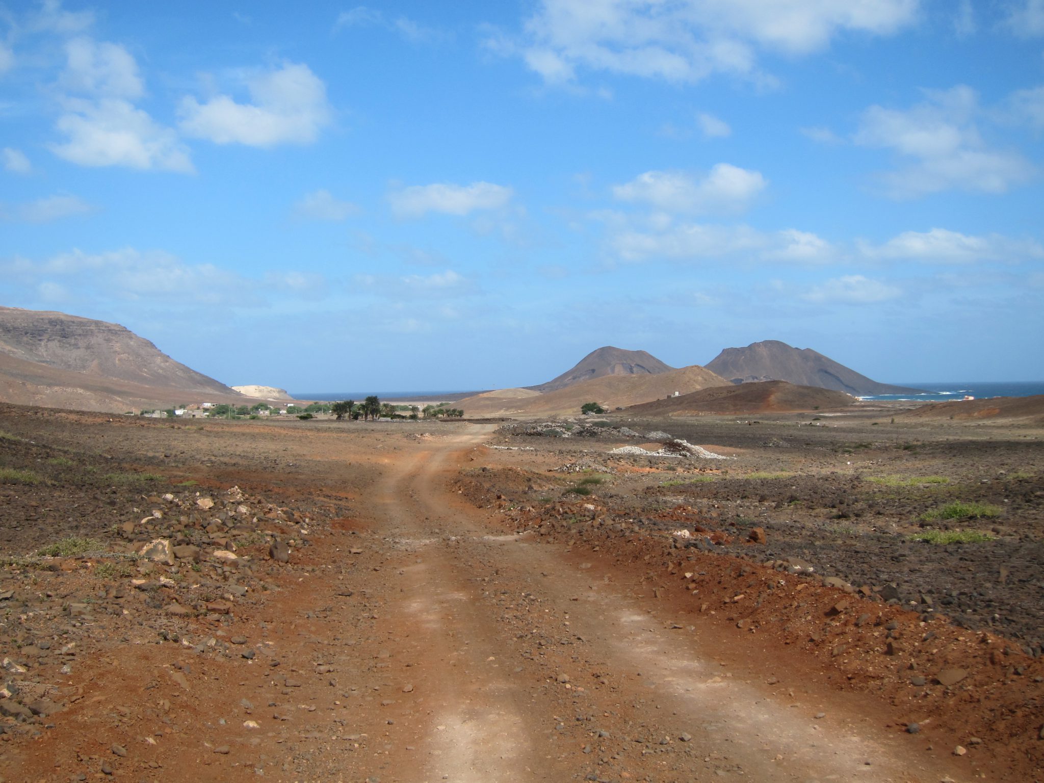 Nogriežamies manis izraudzītajā ceļā un man tas patīk. Apkārt sarkanīgi akmeņi un smiltis, tālumā tādas pašas nokrāsas kalni un vietām par ceļa esamību liecina vien pāris iepriekš braukušu auto riepu nospiedumi. Tie brīžam aizved katrs savā virzienā, lai atkal pēc laiciņa satiktos. Mūsu džipam šis ceļš ir nieks, braucam uz priekšu kā lielie. Ieraugām pie horizonta okeānu un es ceru, ka ceļš iet līdz tam. Tā arī ir. Pēc brīža novietojam auto netālu no pludmales un aizejam līdz okeānam. Kāda cita mašīna apstājusies tieši pludmales smiltīs, laikam makšķernieki. Tālumā redzam nākam šurp kādu ģimeni, kas starp akmeņiem ko garšīgu lasa, jo ir bēgums.
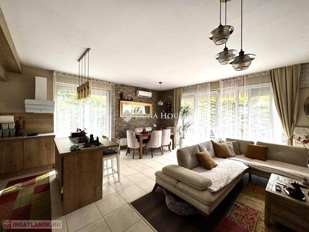 Toszkán életérzés itthon :medence, kerti tó, szauna ,varázslatos kilátás a Mecsekre.!!!!!!!!2008-ban épült, kiváló állapotú társasházi lakás .Ez a gyönyörűen felújított, egyedi stílusú, Amerikai konyha nappali, 2 szobás otthon tágas, amely ideális családi összejövetelekhez és baráti beszélgetésekhez.A lakásban vízlágyító berendezés működik, amely gázkazánra van kötve, így garantált a kényelmes és energiatakarékos használat.Egyedileg díszített emeleti fürdőszoba, káddal, WC-vel, az alsó szinten külön WC, tároló szoba a lépcső alatt.A szobák és a nappali is hűtő-fűtő klímával felszerelt, így a kellemes hőmérsékletet az egész lakásban érezni lehet.A mediterrán stílusú hátsó terasz igazi ékköve az ingatlannak: egy kis patak csordogál a kert végében, egy magasabb kert részben a medence, a grillezőhelyiség és a panorámás kilátás a Mecsekre pedig a nyugalom és a kikapcsolódás zálogai.A lakáshoz tartozik egy garázs (5.9M) elektromos kapunyitóval, a garázs mellett külön saját tároló, ahol a kazán és a vízlágyító berendezés is helyett kapott.Ha egy igazán különleges, jól karbantartott, pár hónapon belül költözhető ingatlant keres, akkor ezt látni kell!A jelenlegi tulajdonos kiváló lakberendezési ízlésének köszönhetően a lakás igazi különlegesség. A bútorok megegyezés tárgyát képezik.További kérdés esetén hívjon bizalommal
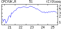 Czas (CET) | Rejon | Tiker | Dane | Okres | Aktualna | Poprzednia | Wykres | | środa, 20 listopada 2024 | | 8:00 | | Wielka Brytania | CPCYUK.M | Bazowa inflacja CPI R/R | paź | 3.3% | 3.2% |  | | 8:00 | | Wielka Brytania | CPIMUK.M | Inflacja CPI M/M | paź | 0.6% | 0% |  | | 8:00 | | Wielka Brytania | CPIYUK.M | Inflacja CPI R/R | paź | 2.3% | 1.7% |  | | 8:00 | | Wielka Brytania | PPIYUK.M | PPI R/R | paź | -0.8% | -0.7% |  | | 8:00 | | Wielka Brytania | PPNMUK.M | PPI kupna M/M | paź | 0.1% | -0.5% (R) |  | | 8:00 | | Wielka Brytania | PPNYUK.M | PPI kupna R/R | paź | -2.3% | -1.9% (R) |  | Co oznaczają poszczególne wskaźniki makroekonomiczne? · Lista wskaźników kalendarium |

- Exercise objective -
Except for the pictures, print the data above exactly.

- Solution to the exercise -
 Nogriežamies manis izraudzītajā ceļā un man tas patīk. Apkārt sarkanīgi akmeņi un smiltis, tālumā tādas pašas nokrāsas kalni un vietām par ceļa esamību liecina vien pāris iepriekš braukušu auto riepu nospiedumi. Tie brīžam aizved katrs savā virzienā, lai atkal pēc laiciņa satiktos. Mūsu džipam šis ceļš ir nieks, braucam uz priekšu kā lielie. Ieraugām pie horizonta okeānu un es ceru, ka ceļš iet līdz tam. Tā arī ir. Pēc brīža novietojam auto netālu no pludmales un aizejam līdz okeānam. Kāda cita mašīna apstājusies tieši pludmales smiltīs, laikam makšķernieki. Tālumā redzam nākam šurp kādu ģimeni, kas starp akmeņiem ko garšīgu lasa, jo ir bēgums.
 Toszkán életérzés itthon :medence, kerti tó, szauna ,varázslatos kilátás a Mecsekre.!!!!!!!!2008-ban épült, kiváló állapotú társasházi lakás .Ez a gyönyörűen felújított, egyedi stílusú, Amerikai konyha nappali, 2 szobás otthon tágas, amely ideális családi összejövetelekhez és baráti beszélgetésekhez.A lakásban vízlágyító berendezés működik, amely gázkazánra van kötve, így garantált a kényelmes és energiatakarékos használat.Egyedileg díszített emeleti fürdőszoba, káddal, WC-vel, az alsó szinten külön WC, tároló szoba a lépcső alatt.A szobák és a nappali is hűtő-fűtő klímával felszerelt, így a kellemes hőmérsékletet az egész lakásban érezni lehet.A mediterrán stílusú hátsó terasz igazi ékköve az ingatlannak: egy kis patak csordogál a kert végében, egy magasabb kert részben a medence, a grillezőhelyiség és a panorámás kilátás a Mecsekre pedig a nyugalom és a kikapcsolódás zálogai.A lakáshoz tartozik egy garázs (5.9M) elektromos kapunyitóval, a garázs mellett külön saját tároló, ahol a kazán és a vízlágyító berendezés is helyett kapott.Ha egy igazán különleges, jól karbantartott, pár hónapon belül költözhető ingatlant keres, akkor ezt látni kell!A jelenlegi tulajdonos kiváló lakberendezési ízlésének köszönhetően a lakás igazi különlegesség. A bútorok megegyezés tárgyát képezik.További kérdés esetén hívjon bizalommal
 Czas (CET) | Rejon | Tiker | Dane | Okres | Aktualna | Poprzednia | Wykres | | środa, 20 listopada 2024 | | 8:00 | | Wielka Brytania | CPCYUK.M | Bazowa inflacja CPI R/R | paź | 3.3% | 3.2% |  | | 8:00 | | Wielka Brytania | CPIMUK.M | Inflacja CPI M/M | paź | 0.6% | 0% |  | | 8:00 | | Wielka Brytania | CPIYUK.M | Inflacja CPI R/R | paź | 2.3% | 1.7% |  | | 8:00 | | Wielka Brytania | PPIYUK.M | PPI R/R | paź | -0.8% | -0.7% |  | | 8:00 | | Wielka Brytania | PPNMUK.M | PPI kupna M/M | paź | 0.1% | -0.5% (R) |  | | 8:00 | | Wielka Brytania | PPNYUK.M | PPI kupna R/R | paź | -2.3% | -1.9% (R) |  | Co oznaczają poszczególne wskaźniki makroekonomiczne? · Lista wskaźników kalendarium |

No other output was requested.